>>>

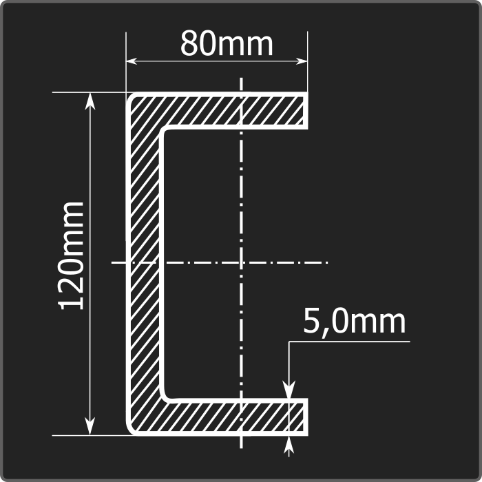 Швеллер стальной холоднокатаный гнутый равнополочный 120*80мм, толщиной 5,0мм и длиной 12м. Материал - углеродистая сталь. Соответствует требованиям ГОСТ 8278-83.
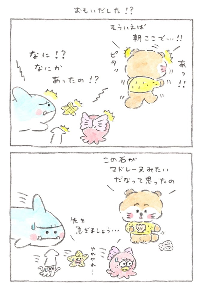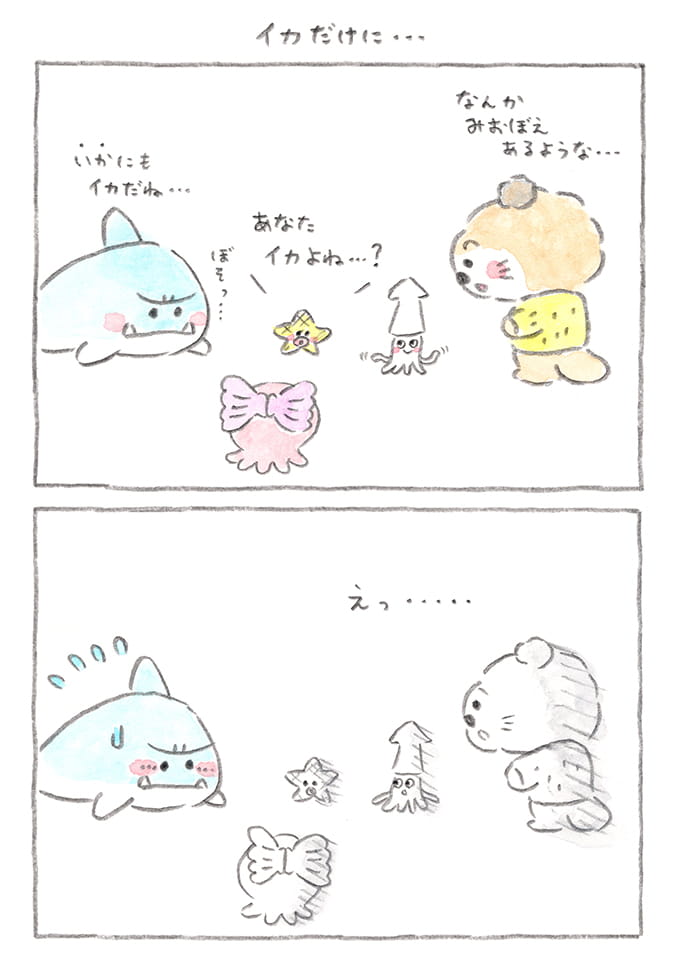 ぶーちゃんじゃない"何か"は、イカだったとは! シャーくんのダジャレに、みんなの反応が正直すぎて笑っちゃいます。
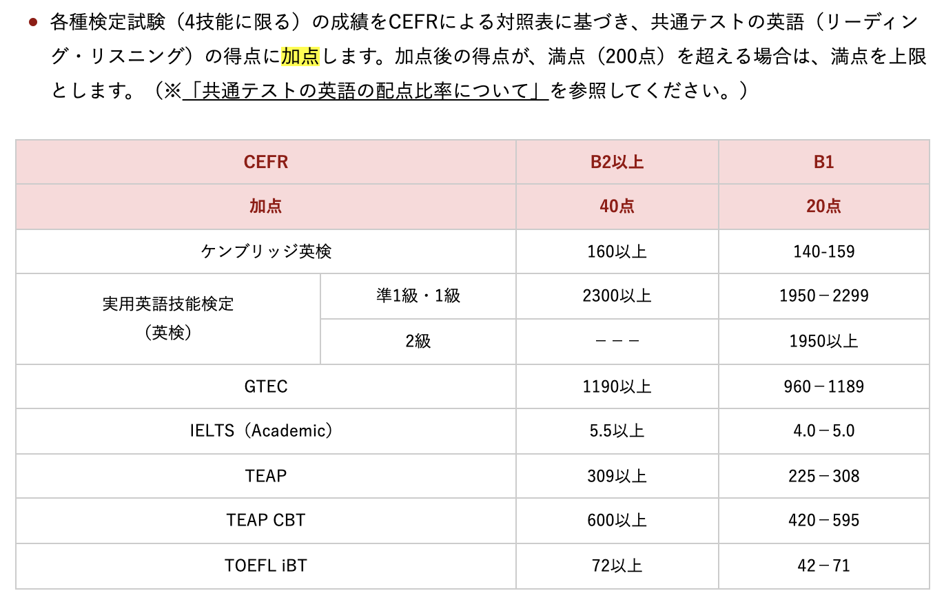 先に「各大学でどのように英検が利用できるか」について読んだ後に、

<<<

**ASSIGNMENT:**
Write out the whole listing exactly as it appears, and omit the pictures.

**RESPONSE TO THE TASK:**
 Швеллер стальной холоднокатаный гнутый равнополочный 120*80мм, толщиной 5,0мм и длиной 12м. Материал - углеродистая сталь. Соответствует требованиям ГОСТ 8278-83.
 ぶーちゃんじゃない"何か"は、イカだったとは! シャーくんのダジャレに、みんなの反応が正直すぎて笑っちゃいます。
 先に「各大学でどのように英検が利用できるか」について読んだ後に、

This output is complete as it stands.